I think plpython.hstore was what showed up in discussion... I'd be fine
with calling the variable plpythonu.hstore, if that's the consensus.

> - typo in plpython.h,
> Types for parsres functions that ...

Fixed.

> - I tried the sample you mention upthread,
> regression=# select pick_one('a=>3, b=>4', 'b');
> ERROR: TypeError: string indices must be integers
> CONTEXT: PL/Python function "pick_one"
>
> My python is 2.4.3 again.

Hm, this means that the hstore has not been transformed into a Python
dict, but into a string, which is what happens if you *don't* have
plpython hstore integration enabled.

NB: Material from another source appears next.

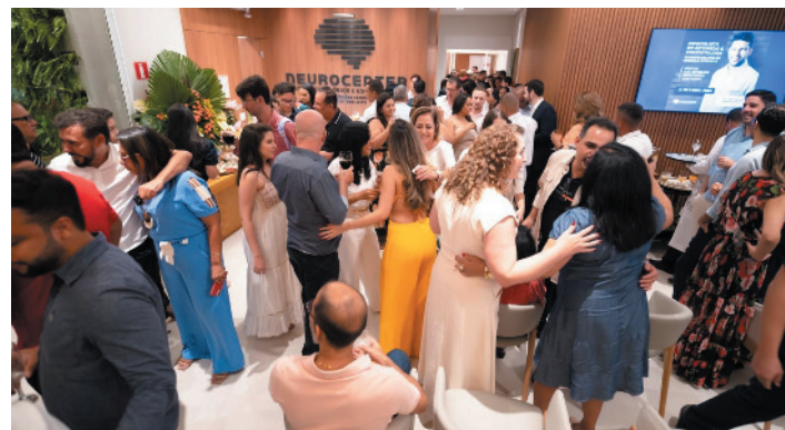
O evento foi bastante prestigiado pela sociedade de Salinas

I think that was because of an
issue with my changes to hstore's Makefile, that made it compile without
Python support, even if the sources were configured with --with-python.

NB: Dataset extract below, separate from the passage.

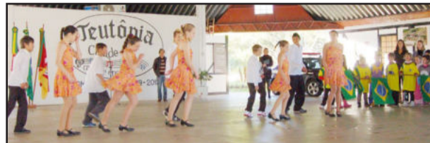
Escola Guilherme Sommer apresentou danças

There's also a gotcha: if you set plpython.hstore to 'public.hstore',
you will have to DROP (or CREATE OR REPLACE again) all functions that
accept or return hstores, because their I/O routines are already cached.
Not sure how big of a problem that is (or how to fix it in an elegant
manner). Making the parameter PGC_POSTMASTER is an easy solution... but
not very nice.

> That's it for now. It is an exciting feature and plpython will be the
> first language to think of when you're building "object database" if
> this feature is in. The design here will affect following pl/perl and
> other so it is important enough to discuss.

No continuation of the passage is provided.